Published: 27 February 2007

Abstract

Background

microRNAs (miRNAs) are small, noncoding RNA molecules that are now thought to regulate the expression of many mRNAs. They have been implicated in the etiology of a variety of complex diseases, including Tourette's syndrome, Fragile × syndrome, and several types of cancer.

Results

We hypothesized that schizophrenia might be associated with altered miRNA profiles.

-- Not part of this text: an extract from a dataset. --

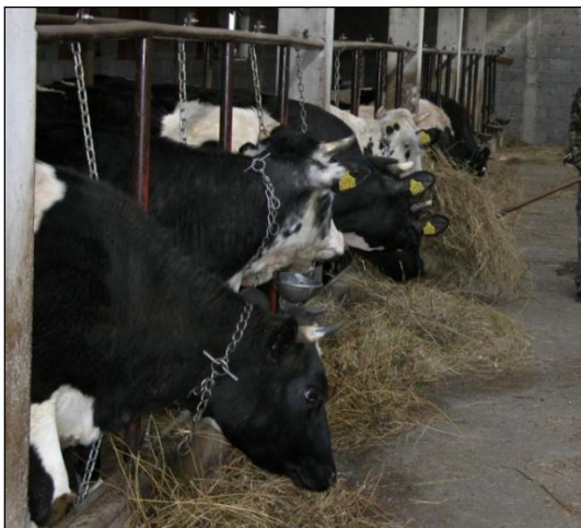
Slika 10. Držanje mliječnih krava na vezu

Mliječne krave uglavnom se drže pojedinačno na vezu ili slobodno – u stajama s ležišnim odjeljcima, rešetkastim podom ili dubokom steljom, ili u stajama s vanjskom klimom (Vučemilo, 2012.). U usporedbi s kravama držanim na otvorenom, na pašnjaku, kod krava držanih u staji puno se češće razvija hromost, posebice ako je pod vlažan i nedovoljno nasteljen. Pojava mastitisa je prvenstveno vezana uz higijenu mužnje, no na nju utječu i drugi čimbenici, uključujući i uvjete držanja. Nedostaci držanja mliječnih krava dodatno su naglašeni ukoliko su staje još i prenapučene. Većina nedostataka pojedinih načina držanja mliječnih krava već je dobro poznata, a sve ukazuje na to da krave imaju poteškoća s prilagodbom na te uvjete, naročito na rešetkaste podove i ležišne odjeljke. Držanje na stelji se pokazalo najučinkovitijim u zadovoljavanju njihovih ponašajnih potreba i interakcije s okolišem. Način držanja utječe na dobrobit životinja, a za krave je karakteristično da se lakše i brže privikavaju na dane uvjete ako imaju rutinu, kao što je hranjenje svaki dan u isto vrijeme, mužnja u podjednakim skupinama itd. (Broom i Fraser, 2007.).

To investigate this possibility we compared the expression of 264 human miRNAs from postmortem prefrontal cortex tissue of individuals with schizophrenia (n = 13) or schizoaffective disorder (n = 2) to tissue of 21 psychiatrically unaffected individuals using a custom miRNA microarray. Allowing a 5% false discovery rate, we found that 16 miRNAs were differentially expressed in prefrontal cortex of patient subjects, with 15 expressed at lower levels (fold change 0.63 to 0.89) and 1 at a higher level (fold change 1.77) than in the psychiatrically unaffected comparison subjects. The expression levels of 12 selected miRNAs were also determined by quantitative RT-PCR in our lab. For the eight miRNAs distinguished by being expressed at lower microarray levels in schizophrenia samples versus comparison samples, seven were also expressed at lower levels with quantitative RT-PCR.

Conclusion

This study is the first to find altered miRNA profiles in postmortem prefrontal cortex from schizophrenia patients.